Your goal
Word for word, set down the lines from the one that holds "318k | USS LSM-157, USS" through the final line of the listing below, and exclude every picture.

Stored data
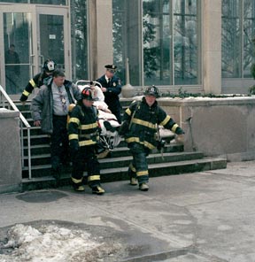 Cambridge fire fighters responded to an explosion in Building 2 Wednesday in which two students were injured.
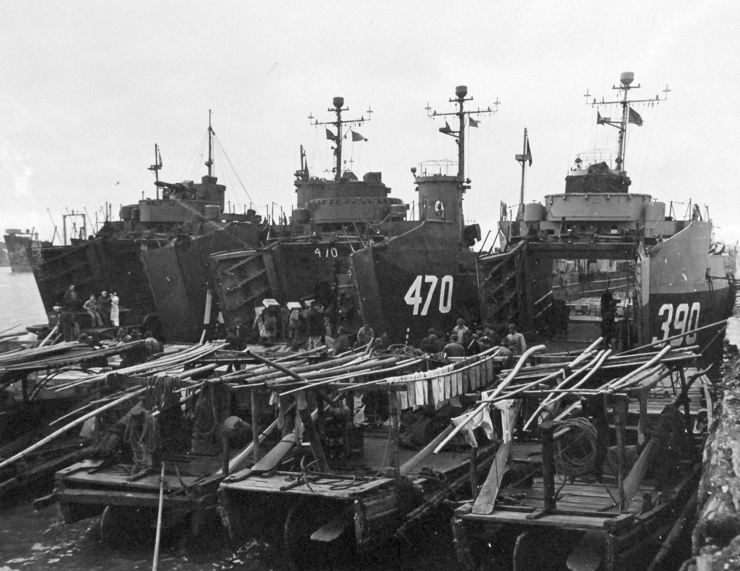 318k | USS LSM-157, USS LSM-470, and USS LSM-390 moored together while performing China Service, 12 March 1946. | National Museum of the US Navy | |
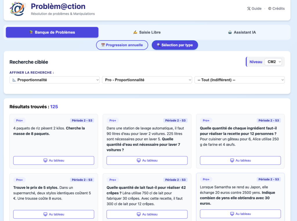 Voici quelques images pour vous faire une idée ; problèmes proposés de la CP au CM2. Possibilité d’avancer en progression annuelle ou par type de problème.

Written reply
 318k | USS LSM-157, USS LSM-470, and USS LSM-390 moored together while performing China Service, 12 March 1946. | National Museum of the US Navy | |
 Voici quelques images pour vous faire une idée ; problèmes proposés de la CP au CM2. Possibilité d’avancer en progression annuelle ou par type de problème.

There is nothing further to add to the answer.